A popular summer job
for Canadian university students and anyone looking to make a crapload of money in a short time.
The idea is, you go out to British Columbia, northern Ontario, or even Manitoba, and plant trees (generally in May and June) for about ten hours every day. Since you get paid for every tree you plant, your summer earnings are completely in your own hands. If you're good, you rake in the money. If you get tired and lose motivation, you go home.
This job is not for everyone. About 20% of the planters go home during the first week, and more tend to drop off at the end of a contract when things inevitably go longer than planned. You're sleeping in a tent for two months, as well as dealing with rain, snow, fatigue, hunger, and constant swarms of bugs while you're working outside in a physically demanding job (that is, if you're lucky enough to survive the bear attacks) :D Oh yeah--and you're doing the same damn thing over and over again.
The deal is, they throw you on a piece of logged land with your bag, shovel, and a few boxes of trees, and you pretty much take it from there.

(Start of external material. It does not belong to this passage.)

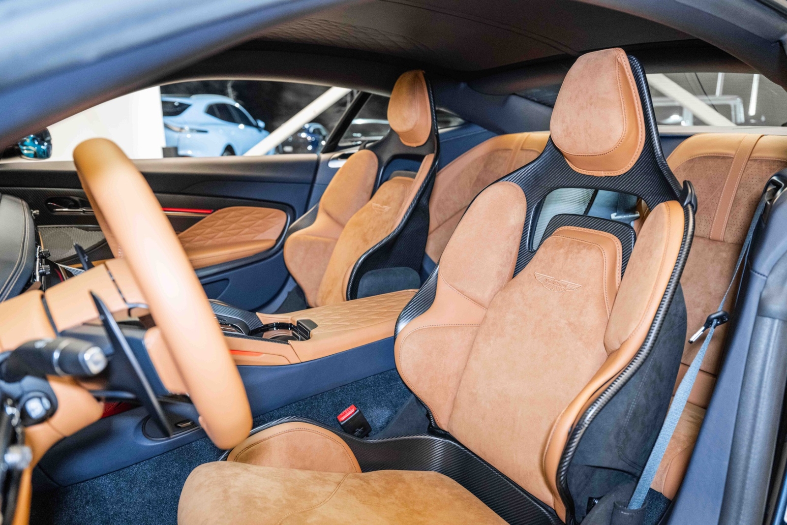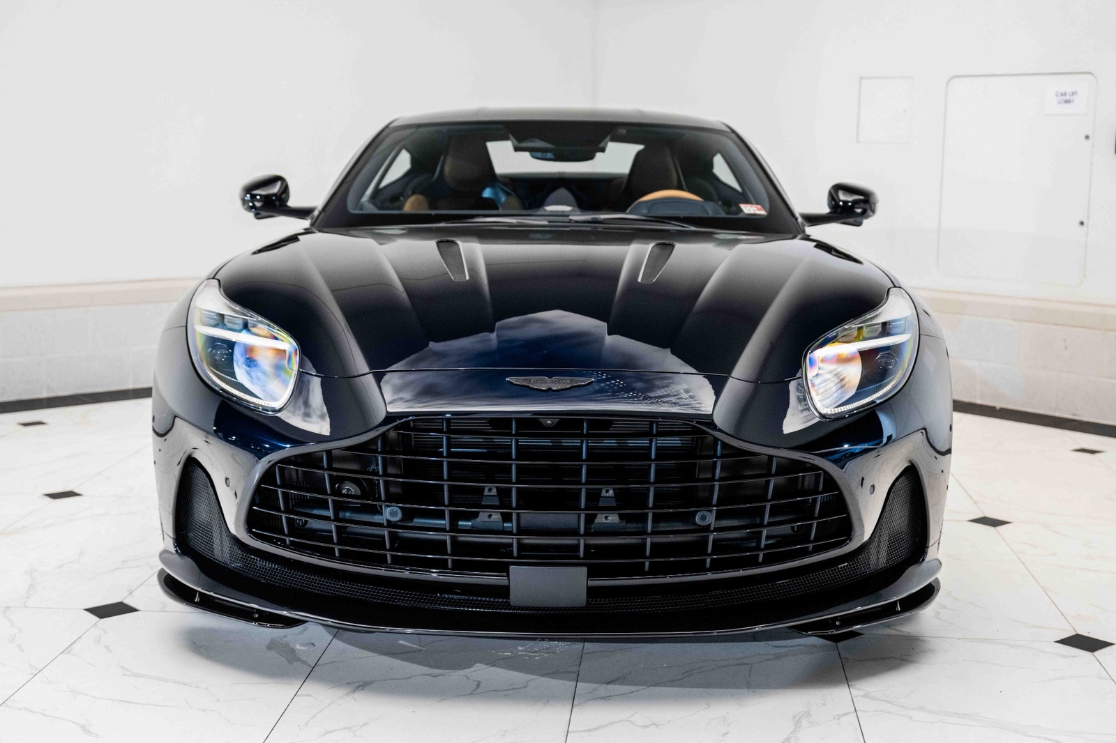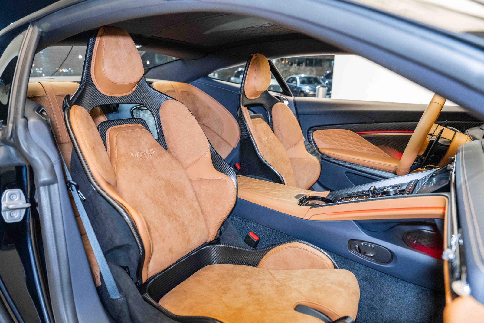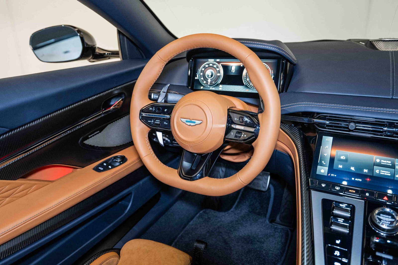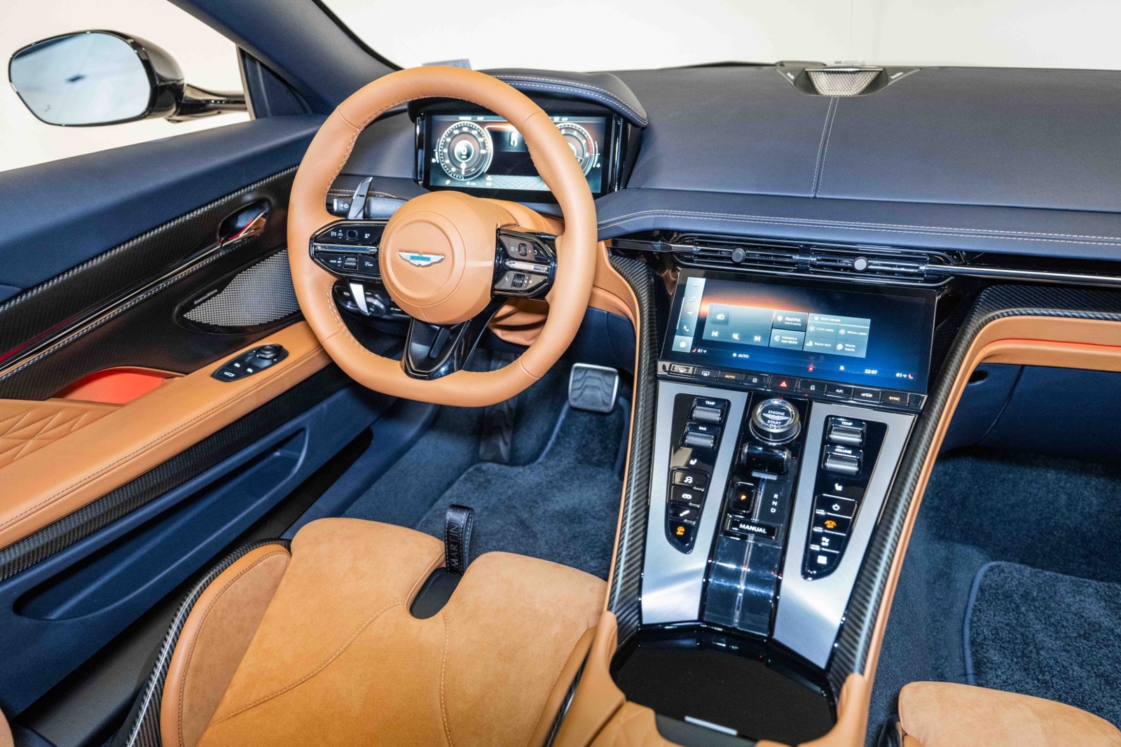 This 2024 Aston Martin DB12 V8 has 35 miles and comes in an Ultramarine Black on Dark Knight - Semi Aniline/Oxford Tan - Semi Aniline color combination.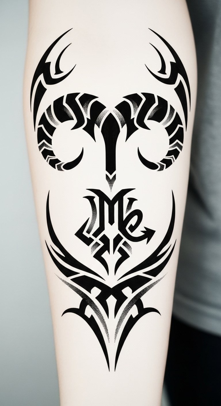 Embodying ancient strength and contemporary identity, this design fuses the zodiac glyph with tribal motifs to convey roots, resilience, and self-expression; the bold patterns and negative-space elements create visual rhythm that reads clearly at a distance yet rewards close inspection, invoking feelings of empowerment and connection to heritage.

You can hold about 300 trees (comfortably) in your bag at one time, and, depending on the land, plant anywhere from 1000-3000+ trees in a day. Sometimes the land has been "scarified", or prepared, for you, and sometimes it hasn't. Generally, you get paid more for unscarified because it takes a little more effort to screef away the brush before you plant a tree. Oh - and since you're basically working for a logging company, you can throw away any illusions you went into the job with about helping to rejuvenate the earth. Because your trees, which have all been sprayed with pesticides, will probably end up being logged in the future. And since the land is also sprayed with large amounts of herbicides, anything besides the trees you plant has a hard time growing. So much for biodiversity.
This summer was my first year planting, and before I went, I really didn't know whether to be excited or scared or indifferent. I guess scared won out, but once I got going, the routine made everything a lot more bearable. I must admit, pulling up to our camp on the first day was a bit of a shock. I knew we would be planting on giant clearcuts, but I didn't realize that we would be living on one. I got used to it, though, like everything else. Toughness became more about not giving yourself the option to quit than making a conscious decision to keep pushing. And money. I decided early on that, no matter how bad things got, I had invested too much money to go home. Tents. Bags. Shovels. Flashlights. Boots. There was no way I was getting out of there without a cheque.